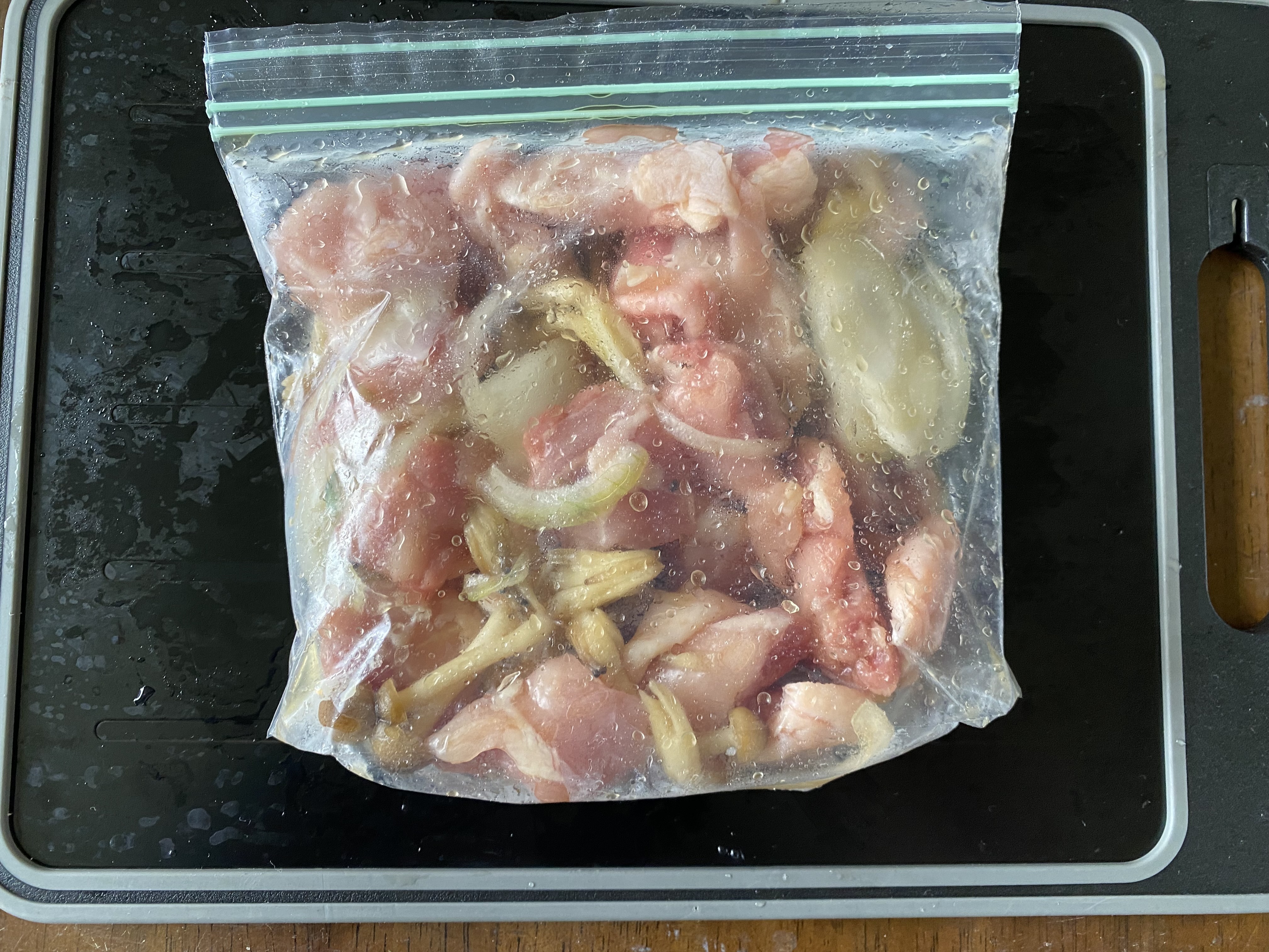 材料全部入れて30分染み込ませました。解凍プレートの上で寝かせて置きました。
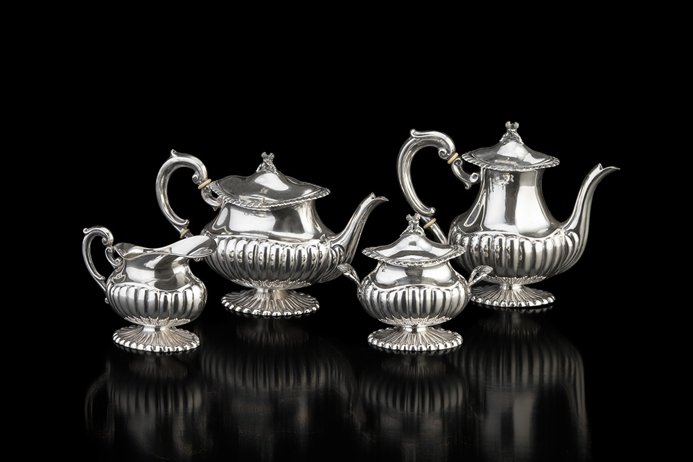 Servizio da tè e caffè in argento composto da caffettiera, teiera, lattiera e zuccheriera con corpo a balaustro baccellato e godronato. Cimature a tutto tondo in figura di putti abbracciati. Vercelli, metà secolo XX (g 840 ca.) (lievi difetti)
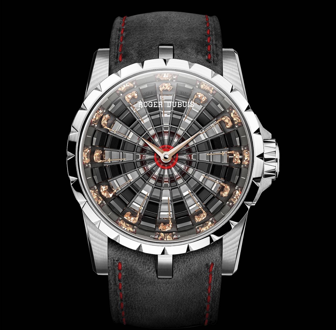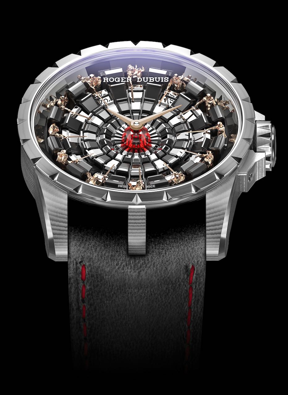 L’avventura prosegue con un quadrante 3D caratterizzato da uno straordinario concentrato di abilità artigianali, inclusa una sorprendente combinazione di smalto grigio scuro, oro bianco e vetro di Murano. La struttura del quadrante è composta da oro bianco e smalto grigio scuro, il che crea lo sfondo perfetto per le piccole sagome scolpite a mano dei Cavalieri della Tavola rotonda. Ogni cavaliere, stampato in oro rosa e alto appena 7 mm, è meticolosamente scolpito, inciso e rifinito a mano. I cavalieri rappresentano degli eccezionali esempi di Low Poly Art, una tecnica unica in cui sculture e dipinti sono composti unendo una miriade di poligoni. Ogni cavaliere, con la spada sguainata, è posizionato in corrispondenza di un’ora, mentre sul fondello è inciso il famoso giuramento di fedeltà verso Re Artù. Totalmente fedele alla sua ricerca dell’edonismo, dell’eccentricità e della libertà da condividere con una tribù scelta di suoi estimatori, Roger Dubuis sorprende nuovamente dimostrando ancora una volta una straordinaria padronanza tecnica unita a un’artigianalità leggendaria.
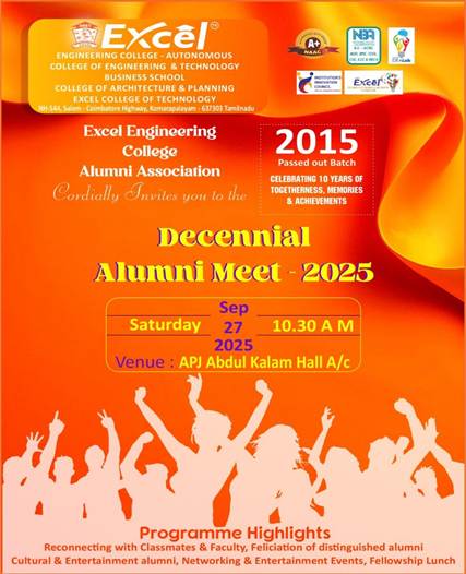 Decennial Alumni Meet – 2025 of the 2015 Passed-Out Batch students conducted at Excel Engineering college on 27.09.2025. This special occasion marks 10 years of memories, friendships, and achievements since graduation of 2015 Passed-Out Batch students.
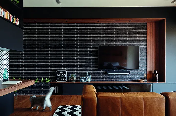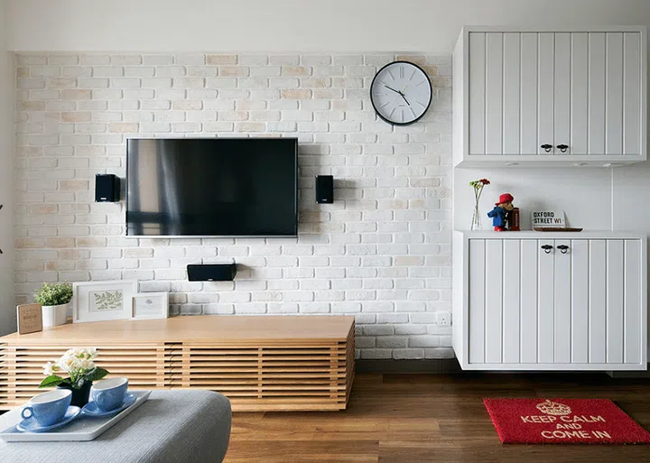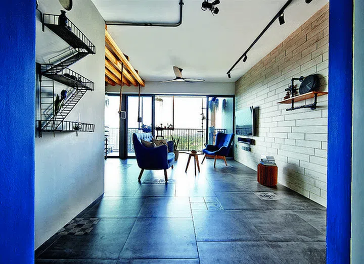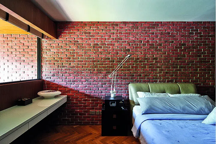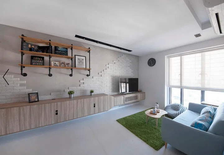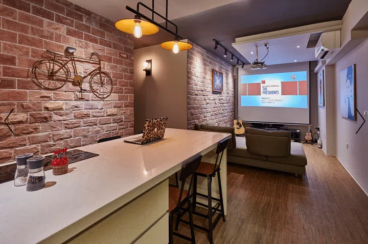 The brick-lookalike wall in this five-room DBSS apartment goes well with the concrete-look and patterned tiles.

▸ **Activity**
Provide an exact copy of the records, excluding every picture.

▸ **Response area**
 材料全部入れて30分染み込ませました。解凍プレートの上で寝かせて置きました。
 Servizio da tè e caffè in argento composto da caffettiera, teiera, lattiera e zuccheriera con corpo a balaustro baccellato e godronato. Cimature a tutto tondo in figura di putti abbracciati. Vercelli, metà secolo XX (g 840 ca.) (lievi difetti)
 L’avventura prosegue con un quadrante 3D caratterizzato da uno straordinario concentrato di abilità artigianali, inclusa una sorprendente combinazione di smalto grigio scuro, oro bianco e vetro di Murano. La struttura del quadrante è composta da oro bianco e smalto grigio scuro, il che crea lo sfondo perfetto per le piccole sagome scolpite a mano dei Cavalieri della Tavola rotonda. Ogni cavaliere, stampato in oro rosa e alto appena 7 mm, è meticolosamente scolpito, inciso e rifinito a mano. I cavalieri rappresentano degli eccezionali esempi di Low Poly Art, una tecnica unica in cui sculture e dipinti sono composti unendo una miriade di poligoni. Ogni cavaliere, con la spada sguainata, è posizionato in corrispondenza di un’ora, mentre sul fondello è inciso il famoso giuramento di fedeltà verso Re Artù. Totalmente fedele alla sua ricerca dell’edonismo, dell’eccentricità e della libertà da condividere con una tribù scelta di suoi estimatori, Roger Dubuis sorprende nuovamente dimostrando ancora una volta una straordinaria padronanza tecnica unita a un’artigianalità leggendaria.
 Decennial Alumni Meet – 2025 of the 2015 Passed-Out Batch students conducted at Excel Engineering college on 27.09.2025. This special occasion marks 10 years of memories, friendships, and achievements since graduation of 2015 Passed-Out Batch students.
 The brick-lookalike wall in this five-room DBSS apartment goes well with the concrete-look and patterned tiles.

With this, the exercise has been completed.